Purcell is a city in and the county seat of McClain County, Oklahoma, United States. As of the 2020 census, the city population was 6,651. 

Founded in 1887, Purcell was a railroad town named after Edward B. Purcell, who was an official with the Atchison, Topeka and Santa Fe Railway.

Purcell is often called the "Quarterhorse Capital of the World" and its official motto is "Heart of Oklahoma." The city has registered trademarks on both titles.

History
Purcell was founded in 1887. It was named after Edward B. Purcell, a vice president of the Atchison, Topeka and Santa Fe Railroad (ATSF). Purcell was at the north end of the Gulf, Colorado and Santa Fe Railway, owned by the ATSF. Amtrak still serves the town with the Heartland Flyer at the station near the old Santa Fe depot.

Purcell was the only town on the border of the Unassigned Lands, and began attracting hopeful settlers even before the Land Rush of 1889. Town lots went on sale April 5, 1887, and a post office was established 16 days later. The Purcell Register, the town's oldest newspaper, was established in 1887, and continued operating into the 21st Century. Residents elected the town's first mayor, James Taylor Bradley, on August 13, 1895. The town was incorporated on October 3, 1898.

Located on the Canadian River, it was called the "Queen City of the Chickasaw Nation." In 1895, one of the five district courts of the Chickasaw Nation was located in Purcell, with the first session opening November 18, 1895. The court house escaped destruction the next day, when a fire destroyed most of the buildings in the business district.

Construction of the Oklahoma Central Railway (OCR), which would connect the Lehigh coal mines with Chickasha, reached Purcell in March 1907. The OCR located its main yards, barns and most of its equipment in Purcell. Although the OCR went bankrupt in the following year, its assets were acquired by the ATSF.

Geography
Purcell is within the Great Plains region, located at  (35.017465, -97.369537). According to the U.S. Census Bureau, the city has a total area of , of which  is land and , or 4.33%, is water.

Purcell is located along the I-35 Corridor in the central part of the state, on a bluff overlooking the Canadian River valley within the Interior Plains region.
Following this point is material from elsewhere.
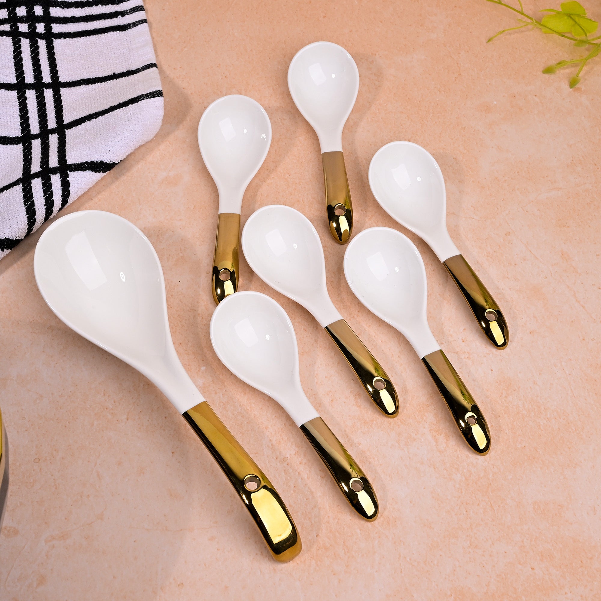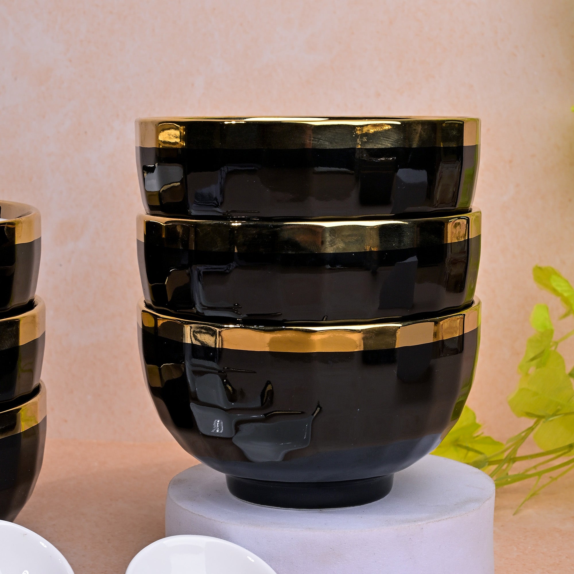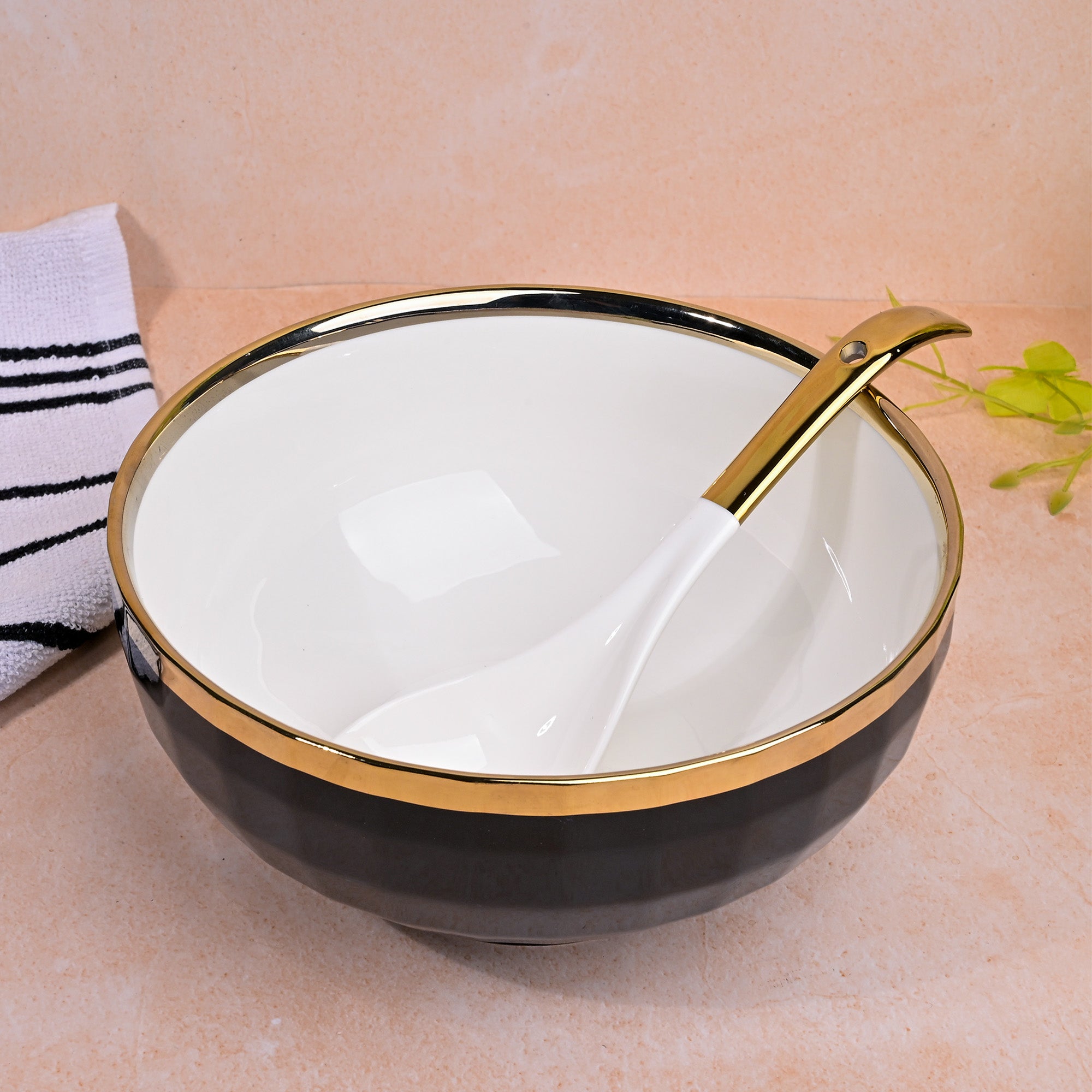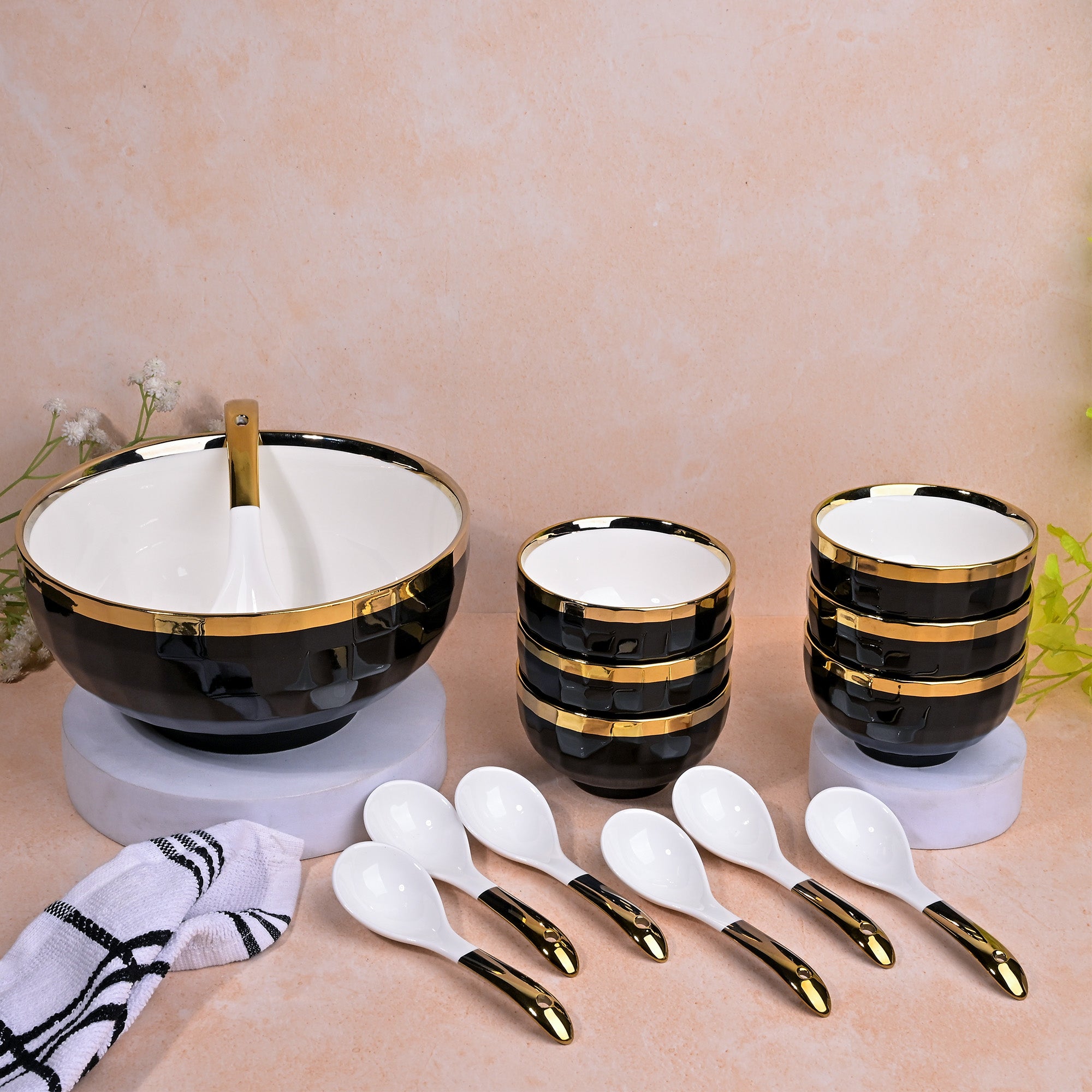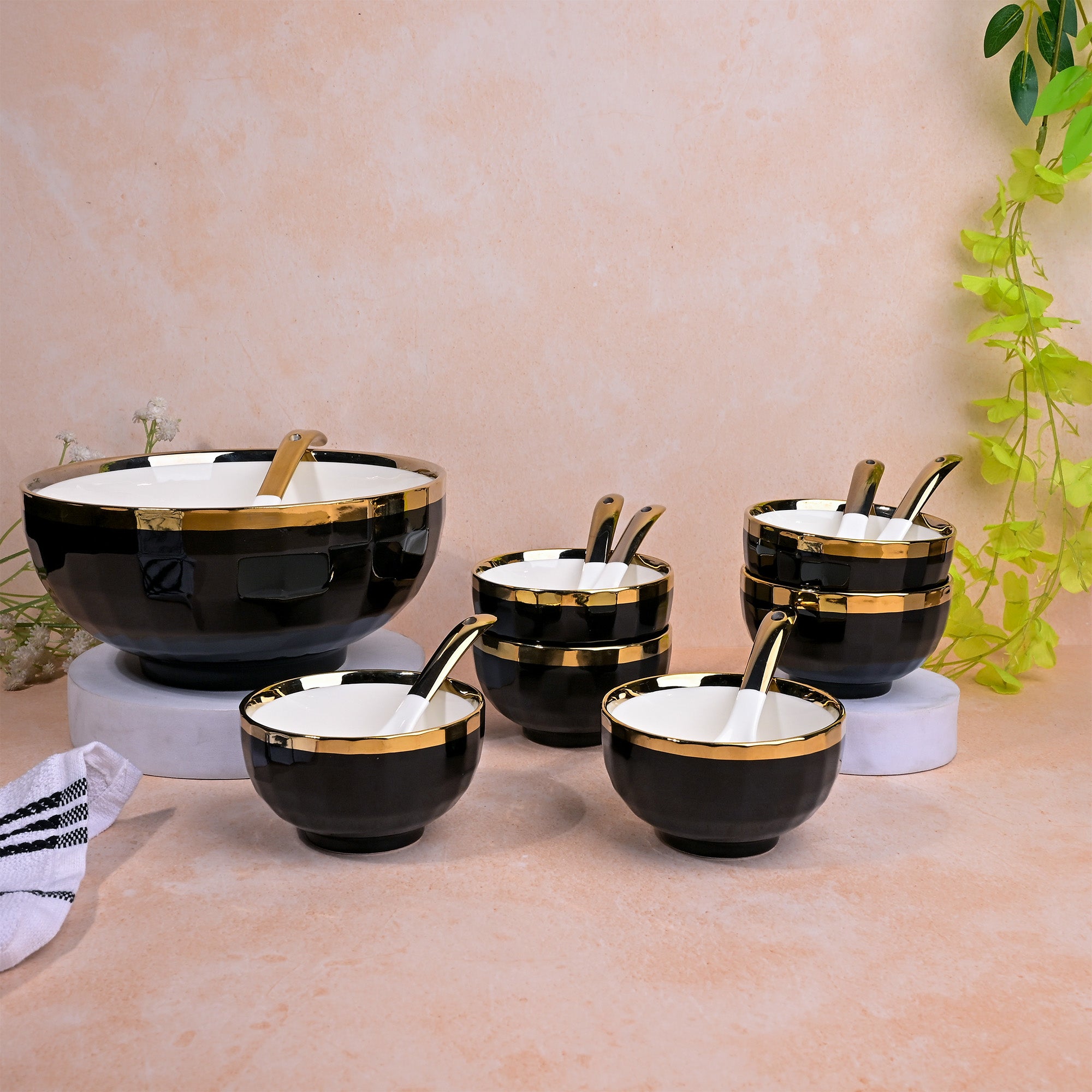 COD availableDo you want something genuinely luxurious that is also ideal for daily use? Say hello to the Midnight Gold Porcelain Bowl Set. The bowls are made of glazed porcelain and come with matching spoons. It's designed with a deep black colour combined with shiny gold rims and glossy handles giving it a premium finish and formal feel. The size is very convenient for serving soups, snacks and far more. Whether you are hosting a dinner party or a special occasion, this bowl set brings charm, class, and just the right touch of elegance to your table.

It is  south of Norman. The view from atop Purcell's Red Hill offers a scenic glimpse at both the South Canadian River and the University of Oklahoma campus in neighboring Norman.

The central core of Purcell is located at the intersection of US-77 and OK-74/OK-39. Access to I-35 is at the north and south ends of the town.

Prior to the construction of I-35, this route of US-77 was the heavily traveled road from Oklahoma City to Dallas.

Demographics

As of the census of 2000, there were 5,571 people, 2,120 households, and 1,500 families residing in the city. The population density was 560.1 people per square mile (216.2/km). There were 2,789 housing units at an average density of 233.3 per square mile (90.0/km). The racial makeup of the city was 81.60% White, 2.21% African American, 6.53% Native American, 0.29% Asian, 4.51% from other races, and 4.86% from two or more races. Hispanic or Latino of any race were 10.09% of the population.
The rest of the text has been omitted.